Długość samochodu to nieco ponad 3,5 metra. Wyposażony jest w trójfazowy synchroniczny PMSM produkcji Sosnowca o mocy 45 KM. (maksymalny moment obrotowy 120 Nm). Baterie są ukryte pod podłogą. Przy masie 1055 kg samochód musi rozpędzić się maksymalnie do 135 km/h. Na jednym ładowaniu przejedzie około 100 km i według Hayeka będzie kosztować mniej niż 100 dolara. zł". Dla porównania, za nową benzynę 50 producent chce wyraźnie mniej niż XNUMX XNUMX. zł.

Ładowanie FSE 01 ze standardowego gniazdka garażowego trwa około sześciu godzin, natomiast przy użyciu instalacji elektrycznej 400 V zajmuje tylko trzy godziny. Według przedstawicieli FSE są w stanie wyprodukować nawet tysiąc pojazdów elektrycznych rocznie.

Bemotion i Motoryzacyjny Instytut Badawczy BOSMAL wystąpiły do ​​Narodowego Centrum Badań i Rozwoju o dofinansowanie prawie 4,5 mln zł na wspólny projekt pt. „Opracowanie elektrycznego samochodu dostawczego z inteligentną energią”. System sterowania". Oznacza to, że w Bielsku-Białej trwają prace nad opracowaniem dwóch różnych pojazdów napędzanych energią elektryczną – dostawczego dla firm i samochodu dla Kowalskiego.

Do tej pory Fabryka Samochodów Elektrycznych zainwestowała w projekt nawet 1 mln euro. Rozważano udział w konkursie ElectroMobility Poland, ale wymagania konkursu, ogłoszone przez EMP, mówią, że pojazd musi przejechać co najmniej 150 km - w tym przypadku prawie 50 km.

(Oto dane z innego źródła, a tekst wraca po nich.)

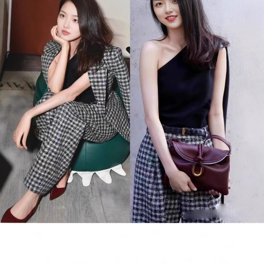 大人エレガントなギンガムチェックのジャケット+テーパードパンツのセットアップスーツ。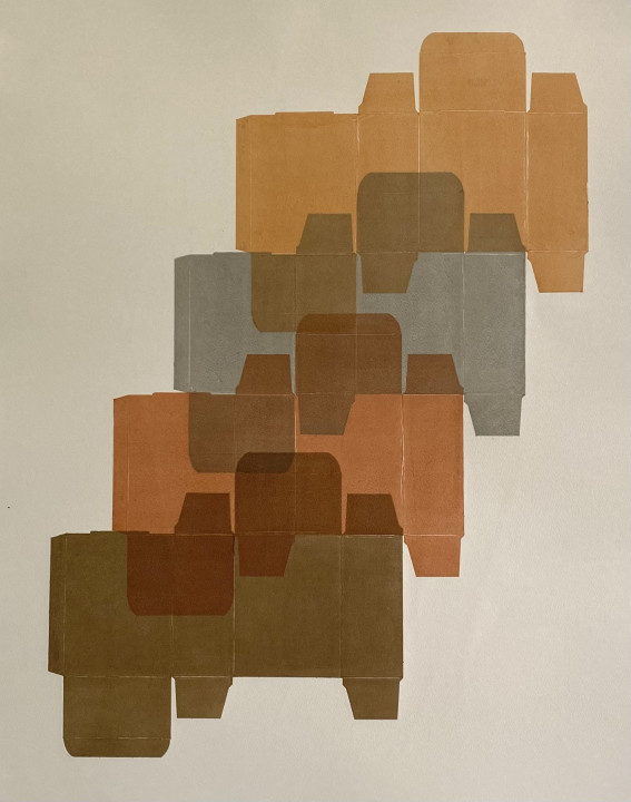Print from unfolded packaging in ink made from Devon earths on grey Somerset paper 77cm x 56cm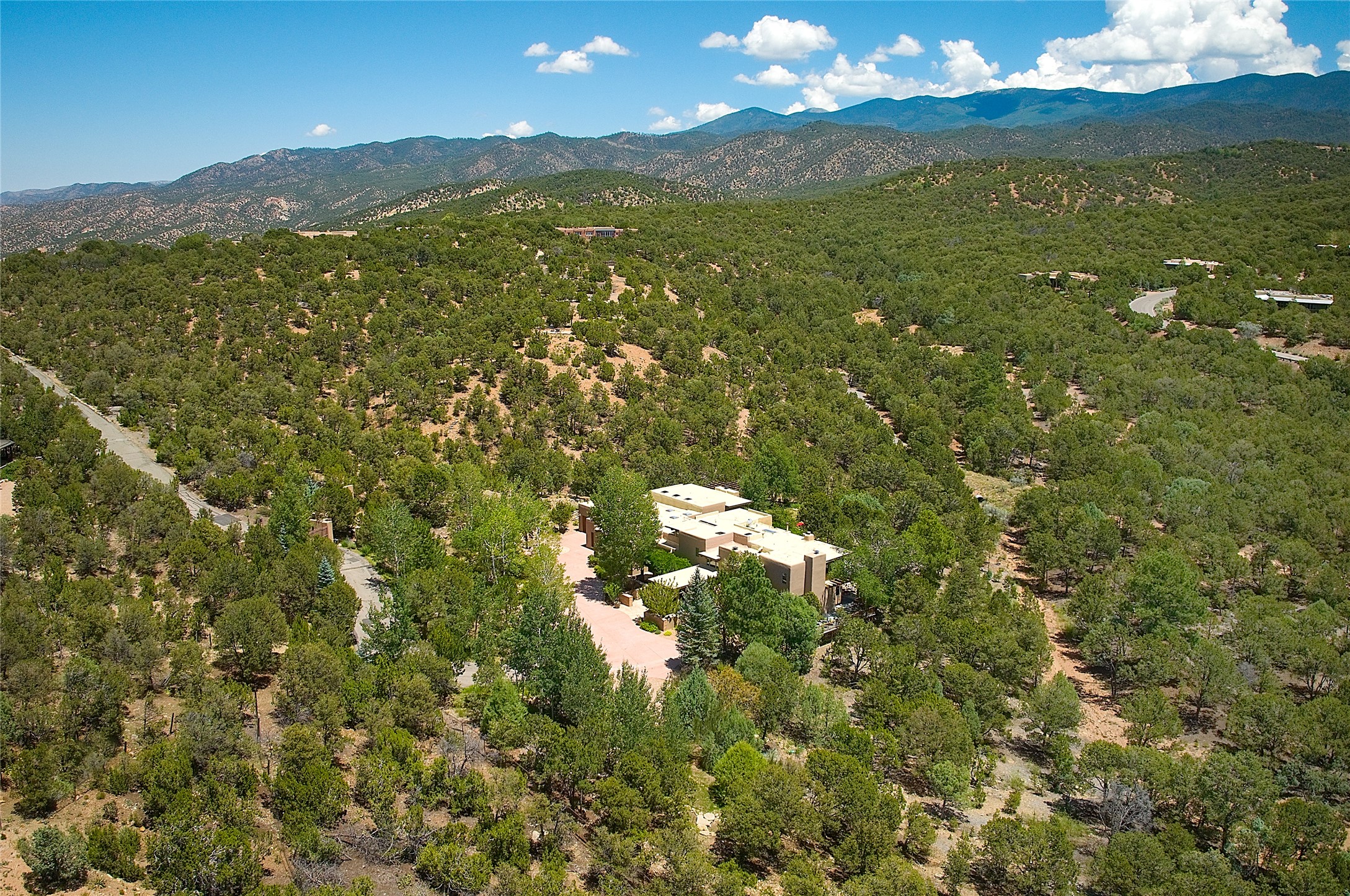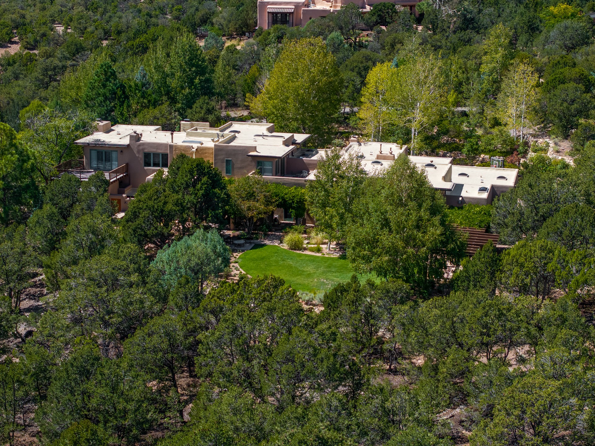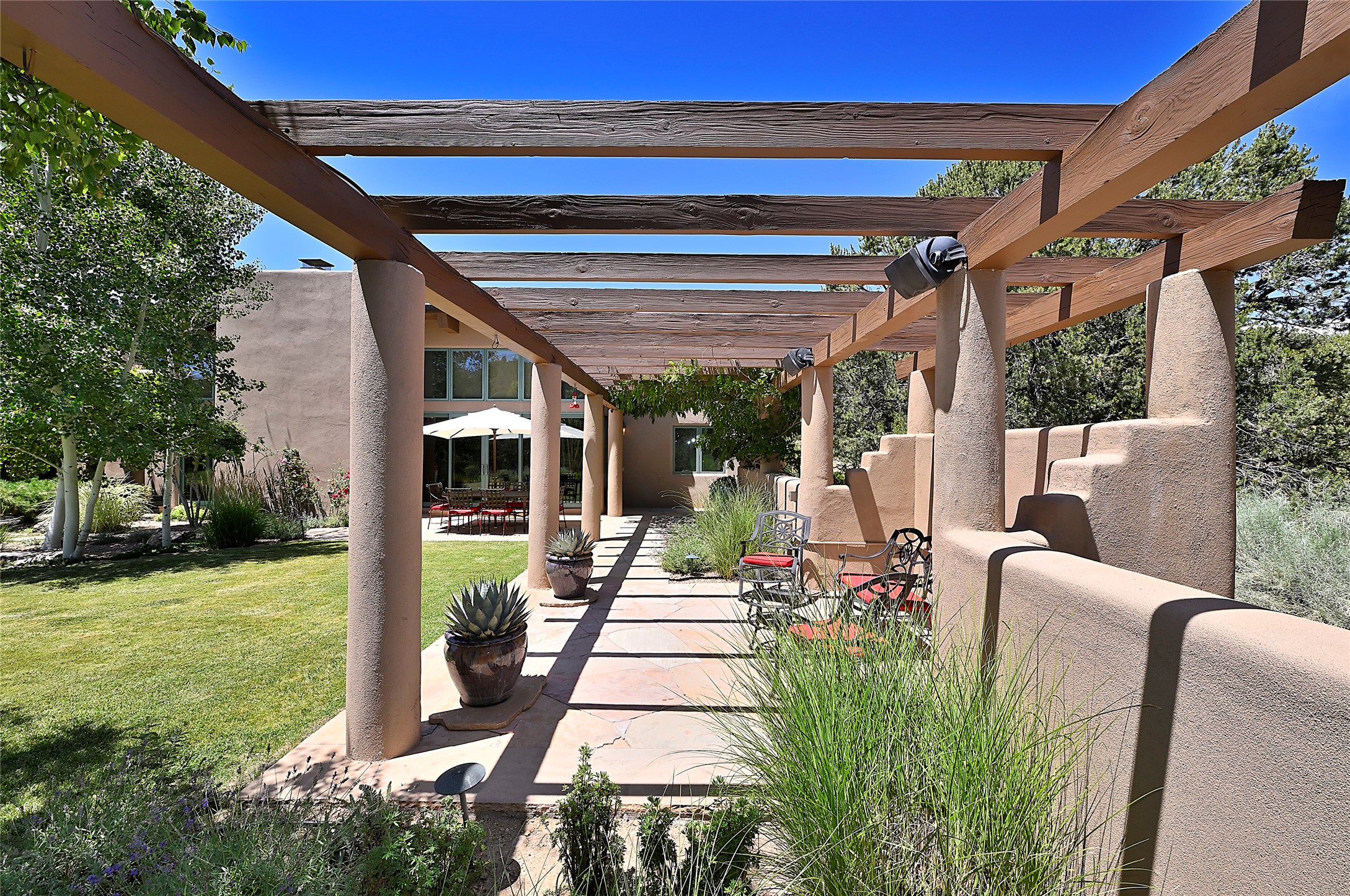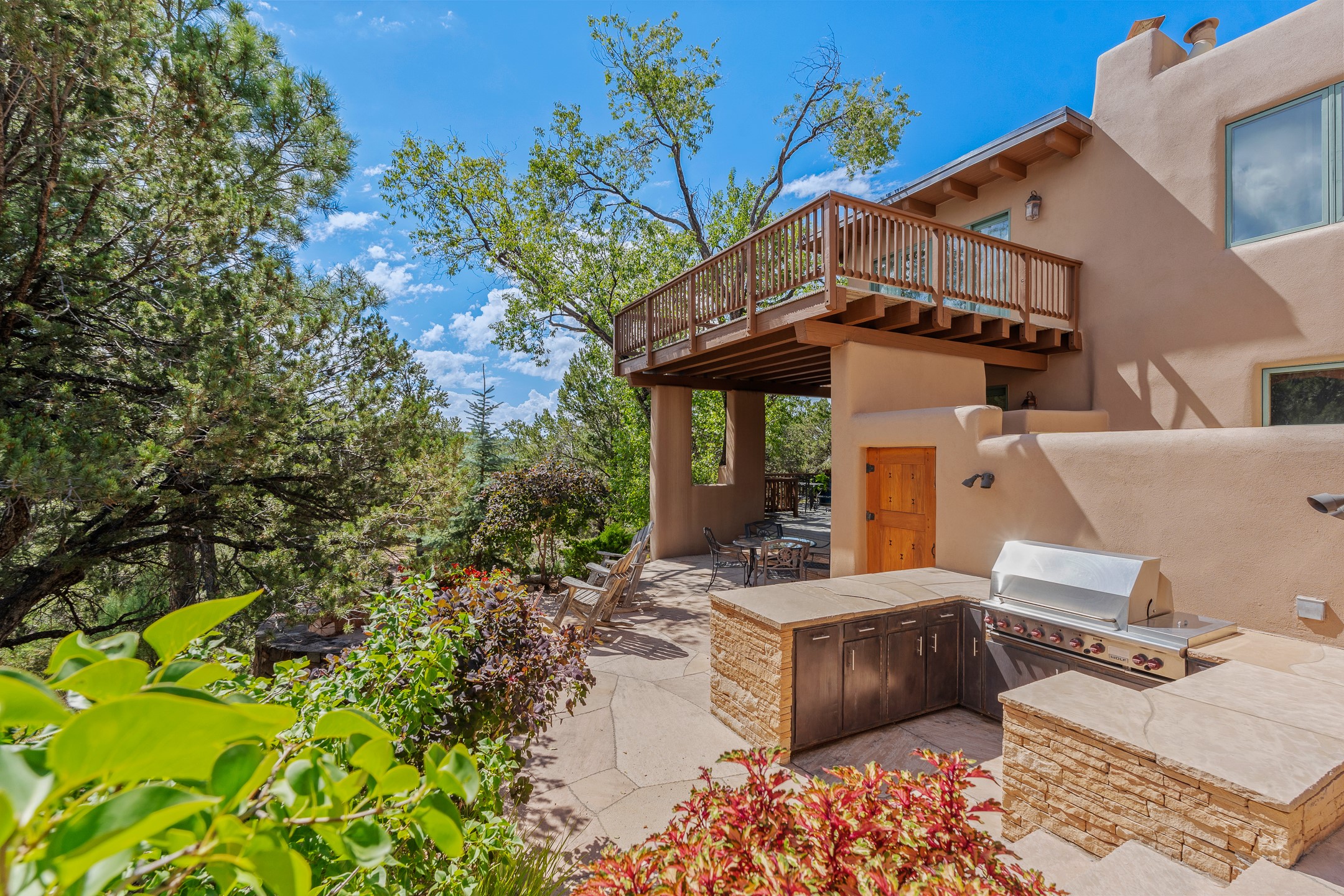 Perched on more than 3 lush acres in one of Santa Fe's most coveted enclaves, this exceptional estate offers a rare blend of privacy, space, and natural beauty, all less than 10 minutes from the Plaza and just a short walk from the city's extensive mountain trail system. Thoughtfully designed across two connected wings, the residence features five bedrooms and a graceful mix of expansive gathering spaces and intimate retreats, making it ideal for multigenerational living, entertaining, or a creative haven. The main level is designed for effortless single-level living and includes formal and informal living areas, two well-equipped kitchens, three bedrooms, a game room, and an attached three-car garage, with one bedroom serving as a spacious suite with its own private entrance. A sauna and steam room enhance the main-level guest bath. Multiple portals, decks, and lawn areas create seamless indoor-outdoor living, surrounded by towering aspens, ponderosa pines, and pions, manicured gardens, tranquil water features, and mountain views. Upstairs, two generous en-suite bedrooms open to private view decks, offering peaceful spaces for rest and retreat. Connected to city utilities and equipped with central heating and air conditioning, the home has been meticulously maintained for comfort, durability, and ease. Schedule your tour today of this stunning and versatile property.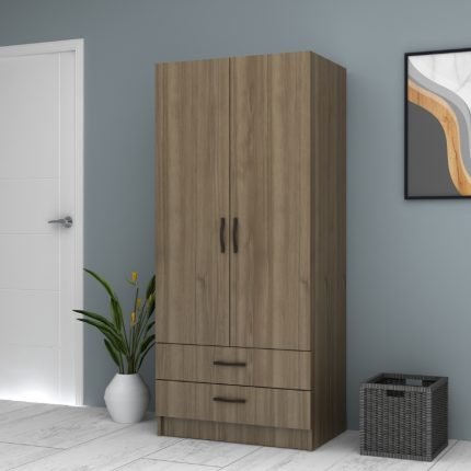 Original price was: 195,00 €.165,00 €Η τρέχουσα τιμή είναι: 165,00 €.Ντουλάπα ρούχων Ricardo Megapap δίφυλλη με συρτάρια χρώμα καρυδί 80×51,8×181εκ.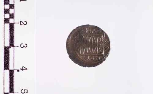 Vacca, stante a s., che allatta un vitello; a s.: spiga di grano; in esergo: timone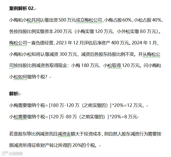 由于小梅的撤资所得并没有超过初始投资成本,因此小梅减资不涉及个税。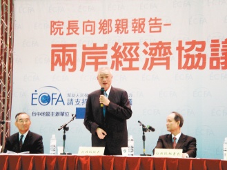 臺(tái)當(dāng)局“行政院長”吳敦義昨天出席兩岸經(jīng)濟(jì)協(xié)議座談會(huì),對(duì)鄉(xiāng)親和業(yè)界說明ECFA問題。來源:臺(tái)灣《聯(lián)合報(bào)》
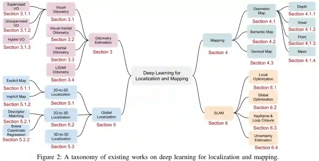 我们为现有的与定位和建图相关,连接机器人、计算机视觉和机器学习等领域的深度学习方法提供了一种新的分类方式。大致可以分为里程计估计、建图、全球定位和SLAM,分类形式如图2所示: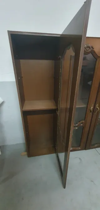 Mueble de madera con vitrina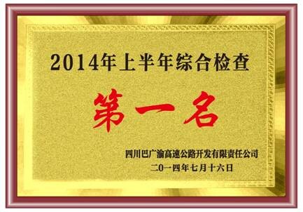 7月17日,四川巴廣渝高速公路開發(fā)有限責(zé)任公司在廣安召開2014年第二季度暨半年綜合大檢查總結(jié)會,在會上巴南廣高速公路TJ1合同段第九分部同時摘得第二季度和半年綜合大檢查雙項第一名貴冠,這是繼去年榮獲業(yè)主半年綜合評比第三名之后,為公司在巴南廣高速公路建設(shè)中贏取的又一重要殊榮。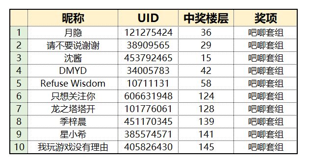 开奖咯!本次活动获奖名单如下: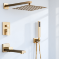 取り付けは簡単で、必要なハードウェアがすべて含まれているため、新築とバスルームの改修の両方に最適です。毎日のシャワー ルーチンをアップグレードしたい場合でも、ご自宅に贅沢なタッチを加えたい場合でも、ハンドヘルド スプレーと浴槽の蛇口を備えたこのゴールド スクエア レイン シャワー システムは、スタイル、パフォーマンス、実用性を 1 つの優れたパッケージにまとめた理想的なソリューションです。

Firma chciałaby dotrzeć przede wszystkim do klientów instytucjonalnych – banków, towarzystw ubezpieczeniowych, ewentualnie agencji rządowych, których pracownicy mogliby korzystać z elektryki jak z klasycznych samochodów miejskich.

Prawdziwie polskim designem jest oczywiście ELVI. Tak nazwano koncepcję pierwszego krajowego elektrycznego pojazdu dostawczego. Renomowany producent ciągników i maszyn rolniczych Ursus został zaprezentowany w kwietniu na targach w Hanowerze (6), które odbiły się szerokim echem w mediach i w tym roku nawiązały współpracę z Polską. Za napęd odpowiedzialna jest firma Hipolit Cegielski-Poznań. ELVI będzie produkowane w Lublinie.

6. Ursus ELVI na niedawnych targach Hannover Messe

Samochód musi ważyć do 3,5 tony. Minimalna ładowność wynosi 1100 kg, zasięg na jednym ładowaniu akumulatora wyniesie około 150 km, a maksymalna prędkość to 100 km/h. Jak zapewniają przedstawiciele producenta, wszystkie parametry można dostosować do indywidualnych potrzeb przyszłych użytkowników. Wysokość samochodu wyniesie około 2 m, tak aby bez problemu mógł wjechać np. na parking podziemny w centrum handlowym.

ELVI będzie dostępny z dwoma silnikami. W pierwszym silnik o mocy 60-70 kW czyli około 100 KM. zostanie umieszczony w centrum. W drugim możliwy będzie podział mocy na dwa silniki po 35 kW każdy. Zastosowane w pojeździe akumulatory Li-Ion zapewnią możliwość szybkiego naładowania do 90% pojemności w ciągu 15 minut, co należy uznać za bardzo dobry wynik w porównaniu do rozwiązań powszechnie spotykanych na rynku.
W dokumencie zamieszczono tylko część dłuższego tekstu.